Army secretary says troops at the border ‘are getting training out of that’

The roughly 8,000 active-duty troops deployed to the Mexico border in the runup to the midterm elections are getting valuable training, Army Secretary Mark Esper said Thursday.

So far, the Army has no indication that the border deployment formerly called Operation Faithful Patriot is a drag on the service, Esper said during an appearance at the American Enterprise Institute.

“They are getting training out of that. They are deploying. They are putting their equipment on trains and whatnot or convoying and deploying to a location, and they are offloading,” he said.
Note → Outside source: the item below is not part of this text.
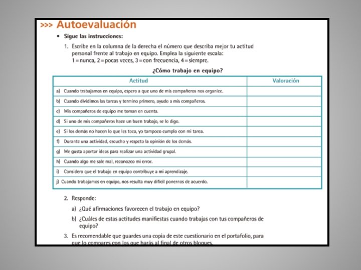 Escala estimativa • Tiene la función de hacer participar al alumno, reflexionando sobre su propio proceso de aprendizaje (autoevaluación).

The secretary’s comments come after the Pentagon officially discarded the Faithful Patriot mission name this week without any public explanation. It acknowledged the decision a day after the midterm elections.
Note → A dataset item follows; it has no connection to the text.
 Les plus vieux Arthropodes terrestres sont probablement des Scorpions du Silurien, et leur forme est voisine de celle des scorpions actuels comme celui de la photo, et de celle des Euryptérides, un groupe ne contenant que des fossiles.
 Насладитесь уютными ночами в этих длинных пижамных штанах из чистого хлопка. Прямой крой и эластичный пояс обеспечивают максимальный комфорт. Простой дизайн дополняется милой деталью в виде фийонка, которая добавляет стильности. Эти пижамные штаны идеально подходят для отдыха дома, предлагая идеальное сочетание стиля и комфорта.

The Army units deploying to Texas, New Mexico, Arizona, and California include logistics, aviation, and engineering. President Trump ordered the deployment, saying that thousands of migrants walking north through Mexico are set to invade the U.S.

An additional 2,100 National Guard troops have been at the southern border since April, which was when the president declared a crisis of illegal immigration.

Esper said “time will tell” about how the active-duty deployment, set to extend into mid-December, might affect the Army.

“I don’t see … the units I’m referring to seeing a degradation of readiness,” he said. “Everything else we’ll have to see over time. I don’t want to speculate on this or that, but that’s where I see things right now as it stands.”